(Recorded data)
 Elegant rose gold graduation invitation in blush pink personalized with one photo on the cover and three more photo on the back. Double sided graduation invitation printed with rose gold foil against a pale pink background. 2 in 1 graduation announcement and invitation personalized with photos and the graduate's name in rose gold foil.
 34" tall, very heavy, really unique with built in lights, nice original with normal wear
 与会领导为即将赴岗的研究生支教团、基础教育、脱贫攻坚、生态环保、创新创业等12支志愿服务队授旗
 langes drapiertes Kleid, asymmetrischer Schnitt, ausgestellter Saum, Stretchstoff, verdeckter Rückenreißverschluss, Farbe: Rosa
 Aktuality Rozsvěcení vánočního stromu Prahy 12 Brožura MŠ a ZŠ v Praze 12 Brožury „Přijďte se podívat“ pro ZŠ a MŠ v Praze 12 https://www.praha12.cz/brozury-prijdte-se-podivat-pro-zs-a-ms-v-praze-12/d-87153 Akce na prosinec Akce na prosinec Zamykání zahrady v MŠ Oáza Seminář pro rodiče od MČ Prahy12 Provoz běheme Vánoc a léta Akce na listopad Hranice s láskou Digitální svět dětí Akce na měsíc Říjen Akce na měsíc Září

==

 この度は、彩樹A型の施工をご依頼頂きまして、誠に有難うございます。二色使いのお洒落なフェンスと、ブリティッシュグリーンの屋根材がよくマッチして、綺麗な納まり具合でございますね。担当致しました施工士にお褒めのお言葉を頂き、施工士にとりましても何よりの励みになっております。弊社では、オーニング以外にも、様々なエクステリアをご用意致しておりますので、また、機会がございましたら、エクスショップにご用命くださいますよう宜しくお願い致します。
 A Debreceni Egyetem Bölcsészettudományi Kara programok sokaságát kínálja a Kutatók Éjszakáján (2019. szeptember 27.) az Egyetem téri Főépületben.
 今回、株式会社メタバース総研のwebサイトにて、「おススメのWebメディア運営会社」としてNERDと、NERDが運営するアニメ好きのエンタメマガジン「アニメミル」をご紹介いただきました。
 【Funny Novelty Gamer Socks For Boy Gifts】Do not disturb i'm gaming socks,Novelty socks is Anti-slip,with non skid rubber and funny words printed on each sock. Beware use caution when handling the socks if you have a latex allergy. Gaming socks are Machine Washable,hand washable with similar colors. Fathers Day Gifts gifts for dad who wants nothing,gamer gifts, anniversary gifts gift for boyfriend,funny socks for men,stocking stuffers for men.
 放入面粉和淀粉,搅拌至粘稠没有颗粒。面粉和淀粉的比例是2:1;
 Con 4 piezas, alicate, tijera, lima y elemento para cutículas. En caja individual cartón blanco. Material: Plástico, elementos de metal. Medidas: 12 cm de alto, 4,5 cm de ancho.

---

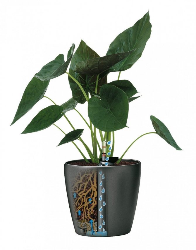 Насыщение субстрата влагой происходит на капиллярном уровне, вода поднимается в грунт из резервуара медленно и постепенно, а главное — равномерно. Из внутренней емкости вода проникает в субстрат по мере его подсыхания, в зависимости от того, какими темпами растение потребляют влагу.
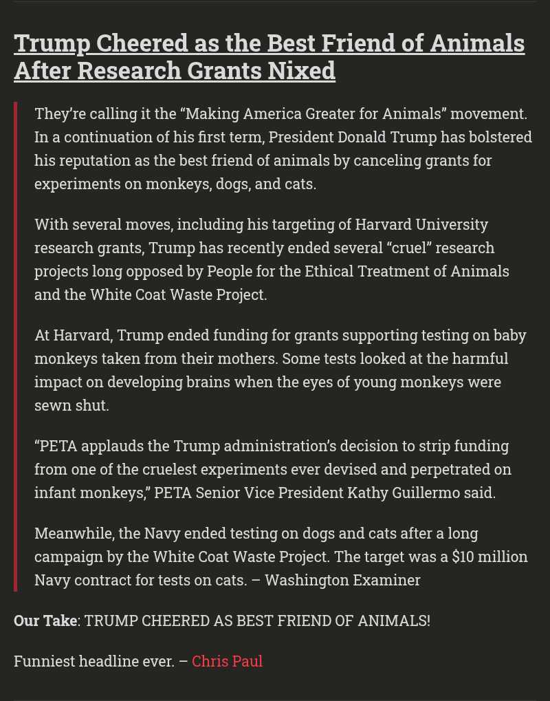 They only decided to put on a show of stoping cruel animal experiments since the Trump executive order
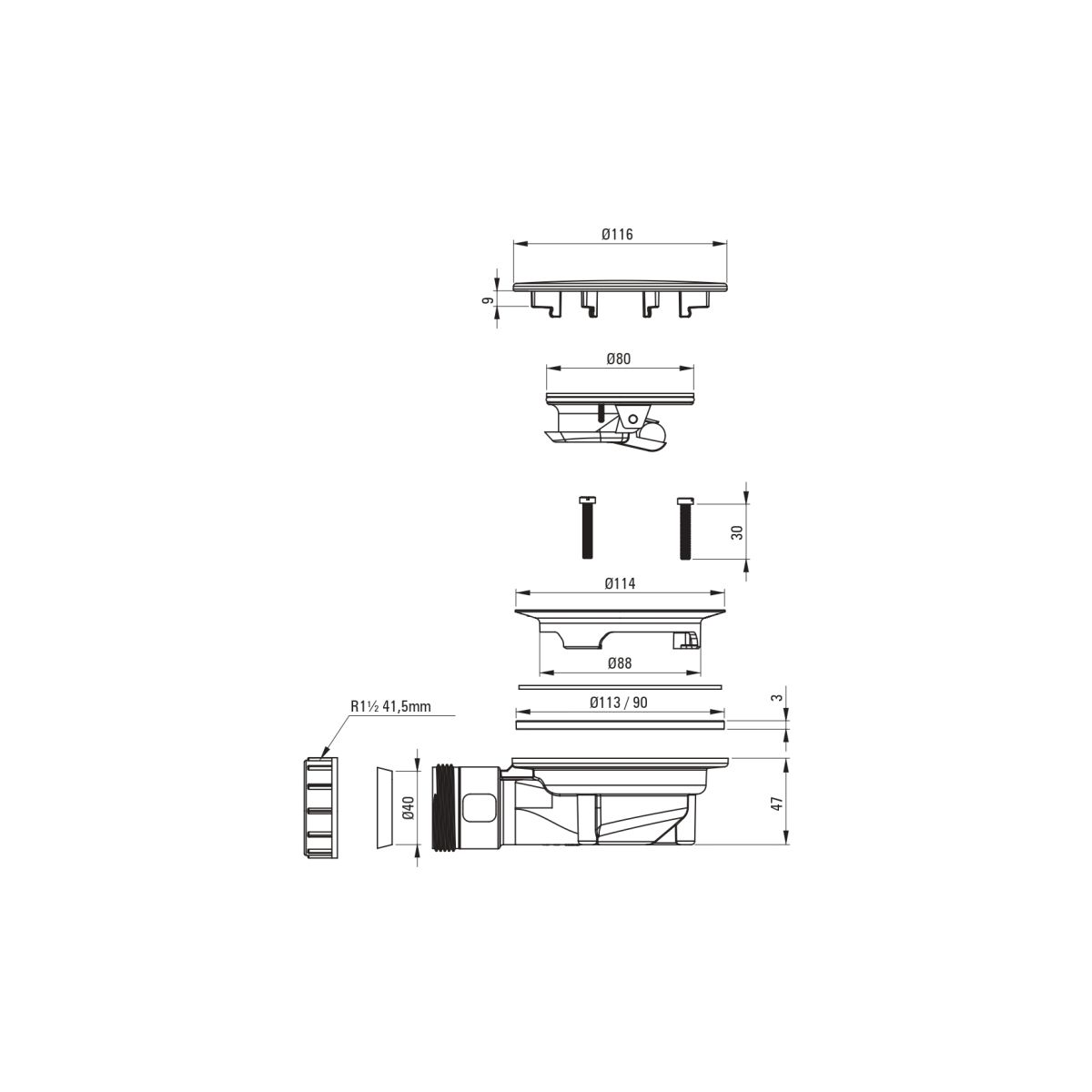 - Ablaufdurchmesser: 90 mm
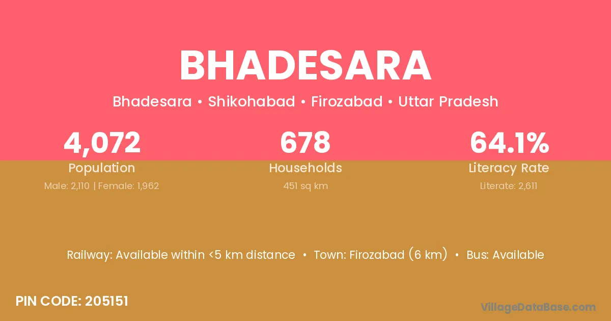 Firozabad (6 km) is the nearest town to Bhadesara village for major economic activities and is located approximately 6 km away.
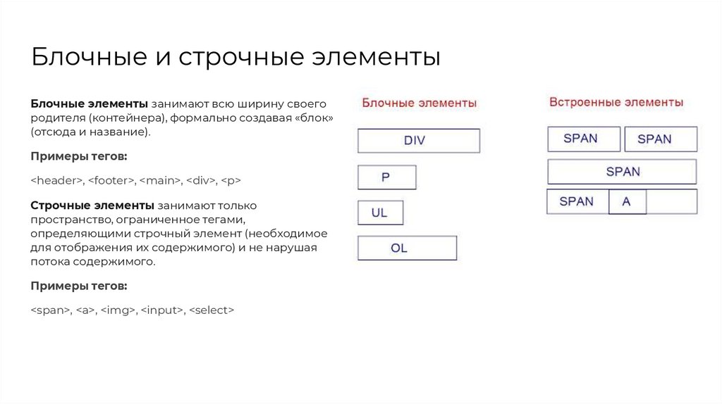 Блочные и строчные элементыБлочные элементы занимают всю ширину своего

_EXERCISE DESCRIPTION_: Beginning at the line above with "Elegant rose gold" and finishing at the line with "langes drapiertes Kleid, asymmetrischer", return each line exactly and return nothing else.

_EXERCISE SOLUTION_:
 Elegant rose gold graduation invitation in blush pink personalized with one photo on the cover and three more photo on the back. Double sided graduation invitation printed with rose gold foil against a pale pink background. 2 in 1 graduation announcement and invitation personalized with photos and the graduate's name in rose gold foil.
 34" tall, very heavy, really unique with built in lights, nice original with normal wear
 与会领导为即将赴岗的研究生支教团、基础教育、脱贫攻坚、生态环保、创新创业等12支志愿服务队授旗
 langes drapiertes Kleid, asymmetrischer Schnitt, ausgestellter Saum, Stretchstoff, verdeckter Rückenreißverschluss, Farbe: Rosa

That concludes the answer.